Source data:

•••••

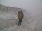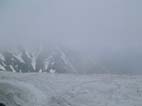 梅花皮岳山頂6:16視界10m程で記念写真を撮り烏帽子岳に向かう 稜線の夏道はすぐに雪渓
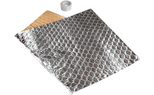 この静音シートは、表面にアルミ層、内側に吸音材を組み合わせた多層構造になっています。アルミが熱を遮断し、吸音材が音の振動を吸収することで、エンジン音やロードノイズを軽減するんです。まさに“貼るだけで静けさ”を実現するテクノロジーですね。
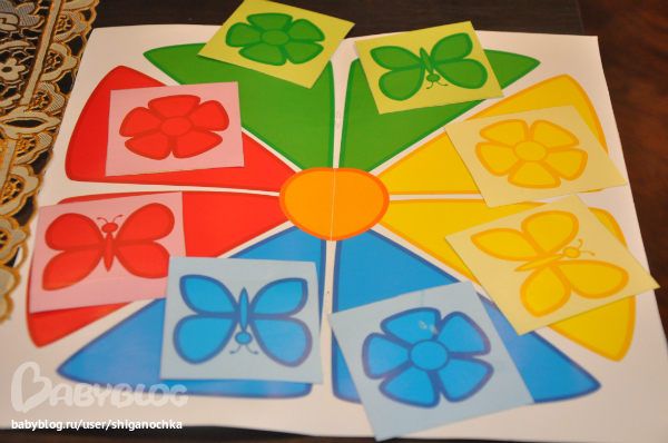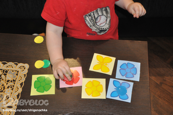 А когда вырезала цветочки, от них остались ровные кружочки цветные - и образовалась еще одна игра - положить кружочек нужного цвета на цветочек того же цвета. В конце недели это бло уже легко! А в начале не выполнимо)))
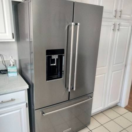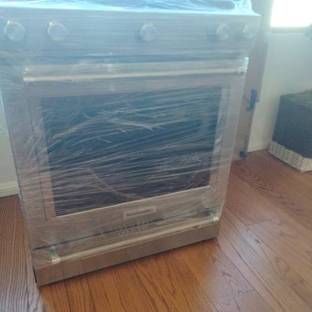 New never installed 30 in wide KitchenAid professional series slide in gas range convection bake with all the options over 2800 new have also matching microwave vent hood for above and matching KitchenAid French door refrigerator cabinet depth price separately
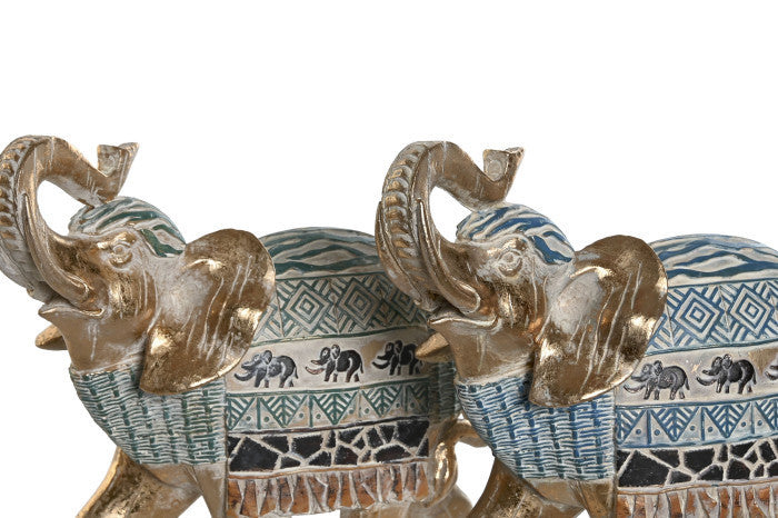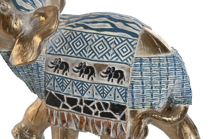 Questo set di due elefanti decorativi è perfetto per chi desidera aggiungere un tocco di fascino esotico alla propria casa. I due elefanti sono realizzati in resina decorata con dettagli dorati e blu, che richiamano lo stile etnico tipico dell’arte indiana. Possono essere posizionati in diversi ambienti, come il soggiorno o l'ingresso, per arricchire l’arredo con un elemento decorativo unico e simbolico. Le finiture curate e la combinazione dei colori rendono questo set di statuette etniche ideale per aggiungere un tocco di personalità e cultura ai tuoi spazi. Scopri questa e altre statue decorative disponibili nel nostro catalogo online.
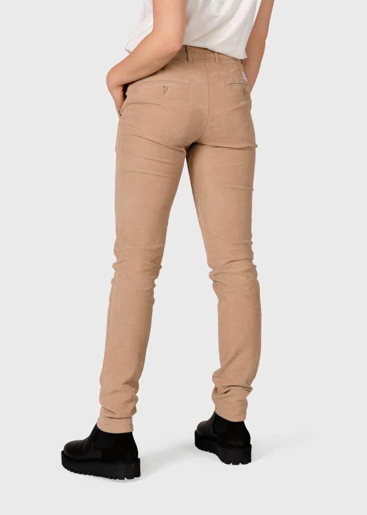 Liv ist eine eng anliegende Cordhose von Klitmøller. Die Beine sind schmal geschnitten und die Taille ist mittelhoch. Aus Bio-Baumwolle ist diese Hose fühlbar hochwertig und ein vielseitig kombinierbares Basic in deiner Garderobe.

•••••

EXERCISE PROMPT:
Leaving all pictures aside, quote each record exactly.

OUTPUT OF THE TASK:
 梅花皮岳山頂6:16視界10m程で記念写真を撮り烏帽子岳に向かう 稜線の夏道はすぐに雪渓
 この静音シートは、表面にアルミ層、内側に吸音材を組み合わせた多層構造になっています。アルミが熱を遮断し、吸音材が音の振動を吸収することで、エンジン音やロードノイズを軽減するんです。まさに“貼るだけで静けさ”を実現するテクノロジーですね。
 А когда вырезала цветочки, от них остались ровные кружочки цветные - и образовалась еще одна игра - положить кружочек нужного цвета на цветочек того же цвета. В конце недели это бло уже легко! А в начале не выполнимо)))
 New never installed 30 in wide KitchenAid professional series slide in gas range convection bake with all the options over 2800 new have also matching microwave vent hood for above and matching KitchenAid French door refrigerator cabinet depth price separately
 Questo set di due elefanti decorativi è perfetto per chi desidera aggiungere un tocco di fascino esotico alla propria casa. I due elefanti sono realizzati in resina decorata con dettagli dorati e blu, che richiamano lo stile etnico tipico dell’arte indiana. Possono essere posizionati in diversi ambienti, come il soggiorno o l'ingresso, per arricchire l’arredo con un elemento decorativo unico e simbolico. Le finiture curate e la combinazione dei colori rendono questo set di statuette etniche ideale per aggiungere un tocco di personalità e cultura ai tuoi spazi. Scopri questa e altre statue decorative disponibili nel nostro catalogo online.
 Liv ist eine eng anliegende Cordhose von Klitmøller. Die Beine sind schmal geschnitten und die Taille ist mittelhoch. Aus Bio-Baumwolle ist diese Hose fühlbar hochwertig und ein vielseitig kombinierbares Basic in deiner Garderobe.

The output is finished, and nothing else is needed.